Если говорить о крестьянах, то первоначально ОГПУ давало им выбрать кулаков из своей общины и сдать их. Я читала в документах по Вологодской области о случаях, когда вся крестьянская община выходила и говорила: у нас нет кулаков. То есть люди не сдавали своих. Это тоже стратегия коллективного сопротивления. ОГПУ реагировало по-разному, например, в ответ на такие методы арестовывало или расстреливало старшин крестьянских общин, но иногда они могли и отступить. Были протесты по поводу закрытия храмов, довольно массовые на севере. Если говорить про вторую половину 30-х годов, то советское уголовное законодательство стало более совершенным, если можно так сказать, и людей стало проще загнать в лагерь, если они на воле как-то себя проявляли. Тогда огромное количество дел по вредительству было сфабриковано.
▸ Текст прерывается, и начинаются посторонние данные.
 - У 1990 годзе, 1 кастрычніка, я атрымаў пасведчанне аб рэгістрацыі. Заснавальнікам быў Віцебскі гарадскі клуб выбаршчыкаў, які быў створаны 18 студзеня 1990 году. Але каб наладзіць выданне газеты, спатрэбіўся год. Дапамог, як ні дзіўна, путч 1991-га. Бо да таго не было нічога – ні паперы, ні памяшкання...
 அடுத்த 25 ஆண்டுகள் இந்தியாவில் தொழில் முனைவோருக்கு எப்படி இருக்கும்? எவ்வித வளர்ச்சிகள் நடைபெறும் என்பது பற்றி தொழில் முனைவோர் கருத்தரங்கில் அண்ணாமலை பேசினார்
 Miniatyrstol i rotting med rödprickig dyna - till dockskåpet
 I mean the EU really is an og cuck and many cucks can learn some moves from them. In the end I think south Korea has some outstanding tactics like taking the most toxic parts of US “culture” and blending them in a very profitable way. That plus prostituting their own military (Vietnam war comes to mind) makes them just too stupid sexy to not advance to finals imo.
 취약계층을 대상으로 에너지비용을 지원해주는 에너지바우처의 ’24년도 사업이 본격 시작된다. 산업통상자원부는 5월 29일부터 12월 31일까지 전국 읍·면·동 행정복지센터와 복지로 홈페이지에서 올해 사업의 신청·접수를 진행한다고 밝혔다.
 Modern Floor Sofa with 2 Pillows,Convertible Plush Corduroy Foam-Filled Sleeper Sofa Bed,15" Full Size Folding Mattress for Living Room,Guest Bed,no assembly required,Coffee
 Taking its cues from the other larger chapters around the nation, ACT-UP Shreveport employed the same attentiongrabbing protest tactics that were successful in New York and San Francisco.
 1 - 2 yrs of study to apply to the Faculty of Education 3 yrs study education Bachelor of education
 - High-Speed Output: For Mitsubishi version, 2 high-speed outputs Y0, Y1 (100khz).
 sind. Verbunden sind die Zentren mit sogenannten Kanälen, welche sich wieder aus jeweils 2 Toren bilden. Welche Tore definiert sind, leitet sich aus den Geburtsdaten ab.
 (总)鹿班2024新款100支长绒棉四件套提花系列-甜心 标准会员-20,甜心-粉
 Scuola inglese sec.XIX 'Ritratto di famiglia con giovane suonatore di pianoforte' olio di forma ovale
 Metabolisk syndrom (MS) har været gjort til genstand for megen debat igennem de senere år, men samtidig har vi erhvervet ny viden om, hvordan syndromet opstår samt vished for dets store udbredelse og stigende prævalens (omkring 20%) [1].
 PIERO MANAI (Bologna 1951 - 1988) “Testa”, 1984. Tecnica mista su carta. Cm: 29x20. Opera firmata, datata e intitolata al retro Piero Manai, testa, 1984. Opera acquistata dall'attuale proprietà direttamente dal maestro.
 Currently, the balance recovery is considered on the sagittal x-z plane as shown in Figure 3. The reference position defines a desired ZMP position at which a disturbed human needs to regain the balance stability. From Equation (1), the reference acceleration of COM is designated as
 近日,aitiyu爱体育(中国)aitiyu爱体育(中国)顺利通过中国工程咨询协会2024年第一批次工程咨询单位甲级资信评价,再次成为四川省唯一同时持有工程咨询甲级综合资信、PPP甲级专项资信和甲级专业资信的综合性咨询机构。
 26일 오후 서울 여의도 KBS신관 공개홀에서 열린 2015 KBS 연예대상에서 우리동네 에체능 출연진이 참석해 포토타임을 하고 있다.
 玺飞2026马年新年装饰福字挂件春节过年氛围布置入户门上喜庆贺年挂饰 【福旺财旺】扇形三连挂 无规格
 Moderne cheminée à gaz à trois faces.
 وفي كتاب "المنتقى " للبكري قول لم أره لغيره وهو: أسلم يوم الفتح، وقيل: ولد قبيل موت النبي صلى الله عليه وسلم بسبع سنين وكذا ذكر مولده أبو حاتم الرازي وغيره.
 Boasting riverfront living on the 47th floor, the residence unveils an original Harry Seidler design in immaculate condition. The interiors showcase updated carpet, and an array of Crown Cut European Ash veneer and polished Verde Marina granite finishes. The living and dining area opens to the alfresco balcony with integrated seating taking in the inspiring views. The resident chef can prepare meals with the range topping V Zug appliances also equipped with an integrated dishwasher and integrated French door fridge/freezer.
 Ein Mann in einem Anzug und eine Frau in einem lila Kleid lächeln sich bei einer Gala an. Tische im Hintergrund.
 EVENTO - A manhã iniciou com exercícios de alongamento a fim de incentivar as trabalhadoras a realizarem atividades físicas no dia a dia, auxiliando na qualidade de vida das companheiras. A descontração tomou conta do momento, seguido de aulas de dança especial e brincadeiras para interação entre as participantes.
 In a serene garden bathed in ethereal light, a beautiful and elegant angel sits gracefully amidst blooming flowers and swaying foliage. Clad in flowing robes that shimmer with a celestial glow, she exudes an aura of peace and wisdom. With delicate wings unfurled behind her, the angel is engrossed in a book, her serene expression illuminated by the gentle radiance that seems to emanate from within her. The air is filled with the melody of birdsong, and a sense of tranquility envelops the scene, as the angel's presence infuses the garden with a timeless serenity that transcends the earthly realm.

Интеллигенция вместо прямого сопротивления часто использовала тактику внутренней иммиграции, особенно во второй половине 1930-х годов, когда ужесточились репрессии. Если религиозные люди до этого выступали против закрытия храмов, то теперь стали вести интенсивную духовную жизнь, которая никак не проявлялась внешне, потому что это было опасно. Человека могли отправить в лагерь даже за ношение крестика или иконы. При этом, как ни парадоксально, в городе действовали храмы, священники старались делиться с крестьянами пищей, люди поддерживали друг друга. Были верующие, которые не поддерживали контакты ни с государством, ни с церковью, молились где-то у себя в квартире или в комнате, проводили там же религиозные обряды и службы, крестили детей, венчали, отпевали, хранили религиозные ценности. Это была так называемая катакомбная церковь, не имевшая никаких контактов с государством. Многие люди сопротивлялись именно таким образом пропаганде и навязываемой пролетарской культуре. Те же административно-ссыльные, кому удалось устроиться на работу и найти жилье, пытались как-то реконструировать свою социальную среду, объединялись в неформальные сообщества. Но, когда начались репрессии 1936–1938 годов, бывало, что подобные группы арестовывались как "контрреволюционные сообщества". Например, под репрессии попали ректор Архангельского лесотехнического института (АЛТИ) Василий Горохов и профессор того же вуза Вениамин Лебедев, который был дружен с выходцами из купеческих фамилий Немецкой слободы, потому что они вместе проводили время, читали иностранную литературу, катались на яхтах, ездили на рыбалку и охоту. Органы сфабриковали общее дело против выходцев из Немецкой слободы, профессуры АЛТИ и медицинского университета, – людей высокообразованных, знавших иностранные языки, людей высокой культуры, которые принесли много пользы обществу, даже этому новому советскому. И они были арестованы по признаку того, что знали иностранные языки, кто-то имел родственников за границей. Дело в том, что такие люди намного менее подвержены пропаганде, чем необразованные. Убедить образованного человека, знающего языки, историю и литературу, жившего в Европе, что СССР – лучшая в мире страна, невозможно. Поэтому таких людей уничтожали физически.

Архангельск. Рабочие ремонтируют механизмы на железнодорожном вокзале
Архангельск. Рабочие ремонтируют механизмы на железнодорожном вокзале

– Но при этом многие ссыльные сыграли большую роль в развитии культуры края. Например, труппа театра в Воркуте в 1930-е годы состояла в основном из ссыльных и заключенных.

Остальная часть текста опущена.